During the interview he boasted that work on destruction of Ukrainian independence symbols had commenced: “It is a matter of time—there will be no [Ukrainian] flags, no architectural forms, all these tridents will melt away from where they are posted. Don’t forget that in the southeast [of Ukraine] they hung all this up because they wanted to prove to everyone that ‘this is Ukraine.’” (The trident is the Ukrainian national symbol.) It is likely that Slysarenko or one of his allies are behind the reappearance of Lenin in Henichesk, not to make any statement about Marxism-Leninism, but to “put things back the way they were” where Lenin was on his pedestal, the power was in Moscow, and people like him were in charge in Ukraine. 

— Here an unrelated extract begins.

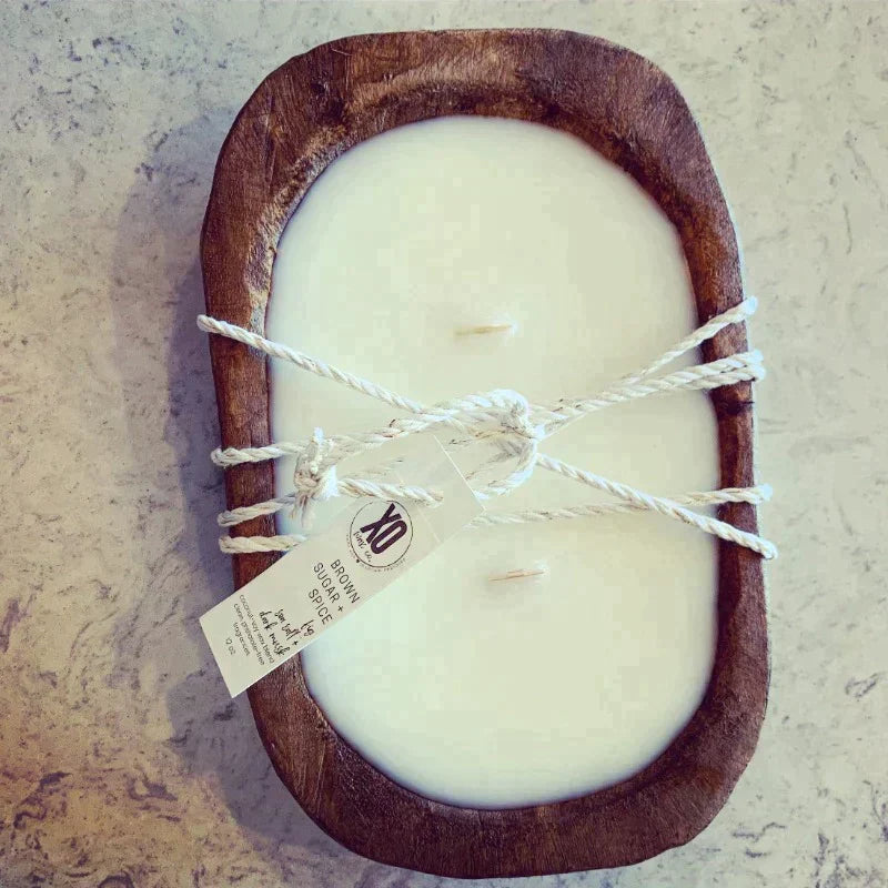 Wood dough bowls are handmade and gorgeous. While they're all somewhat similar in size and shape, they're all very unique. This means that your dough bowl won't look like any others. It also means that the poured wax will be somewhere between 12 and 16 ounces (a potential variance of about a half-cup of wax). On average, these bowls measure 9" x 6" x 2".
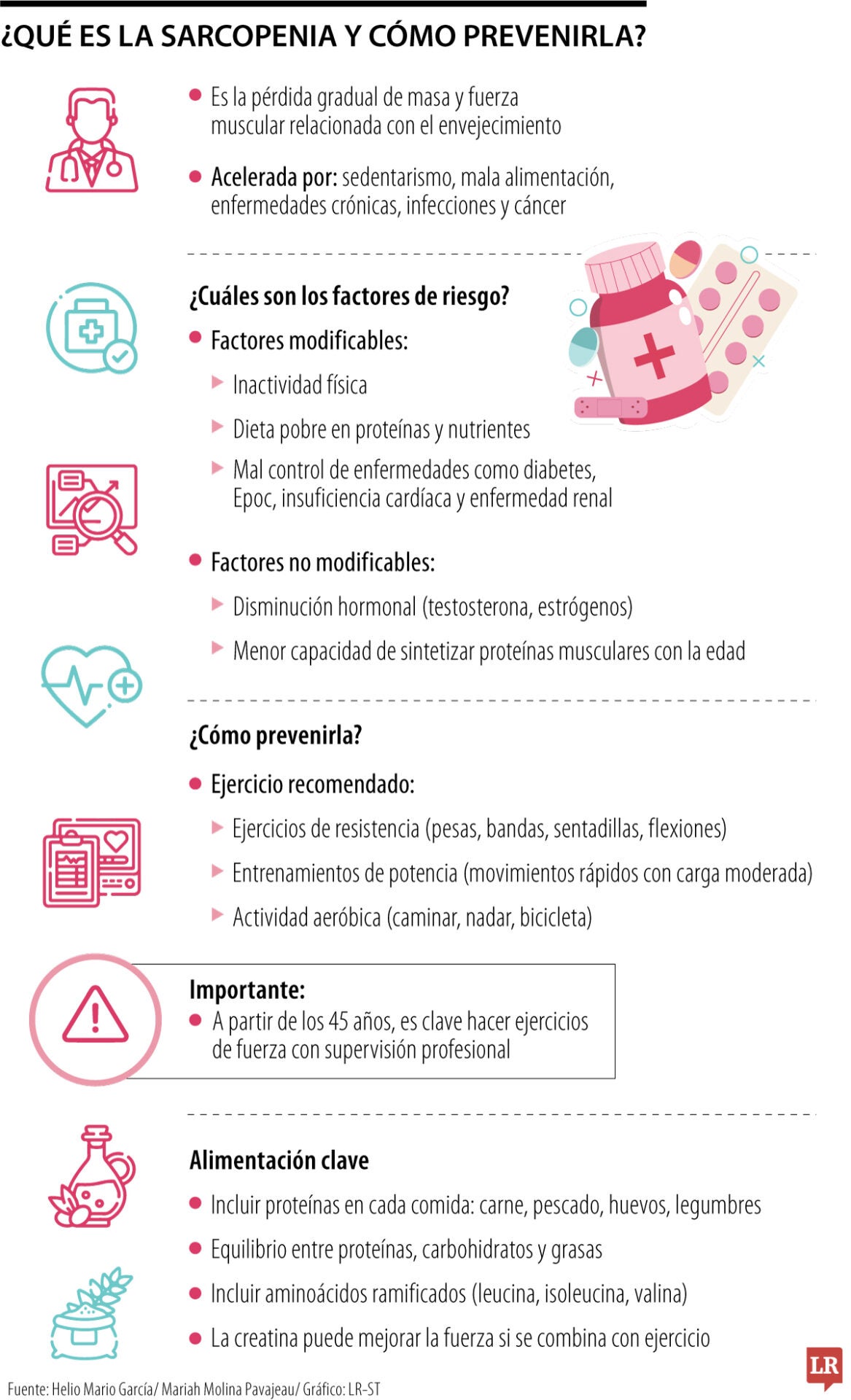 Según Helio Mario García, médico general, esta condición está relacionada “con el envejecimiento por mecanismos asociados a la disminución de estimulación nerviosa y reducción del metabolismo proteico del músculo, así como un desequilibrio hormonal que favorece a la degradación del músculo”.

 No Stalin monuments have re-appeared under Russian occupation, but this Lenin in Henichesk probably won’t be the last one to reappear as long as Russian troops are occupying part of Ukraine. The small-scale tyrants will put them back up to show that their power is back, at least in the areas occupied by Russian troops. While it is possible that Putin harbors some desire to knock down Lenin monuments in Russia (after careful polling of course), I am not going to wager on that ever happening. Putin has presided over the unveiling of a monument commemorating Soviet repression, but he also has called the collapse of the USSR the “greatest geopolitical catastrophe of the century” and has put up at least two monuments to the long-time KGB head and Soviet Premier Yuri Andropov. He may have a problem with Lenin, but he is a product and a beneficiary of Lenin’s creation. In the Soviet world that Putin grew up in, Lenin was ubiquitous. In the post-Soviet world that he rules, Lenin is almost as ubiquitous. But in the post-Putin country of free Ukraine, Lenin is gone. So, he must be restored. 

Putin made a kind of threat/joke about Ukraine removing Soviet symbols during that same Feb 21 speech:

“Soviet Ukraine is the result of the Bolsheviks’ policy and can be rightfully called “Vladimir Lenin’s Ukraine.”… And today the “grateful progeny” has overturned monuments to Lenin in Ukraine. They call it decommunization.

You want decommunization? Very well, this suits us just fine. But why stop halfway? We are ready to show what real decommunizations would mean for Ukraine.”

Putin’s joke/syllogism/threat goes like this: Ukraine’s existence is a product of the USSR. My power, the power of the Soviet secret police boss and the communist elite, is also a product of the USSR. If you reject the Soviet legacy of my power, I shall reject the “Soviet legacy” of Ukraine’s existence.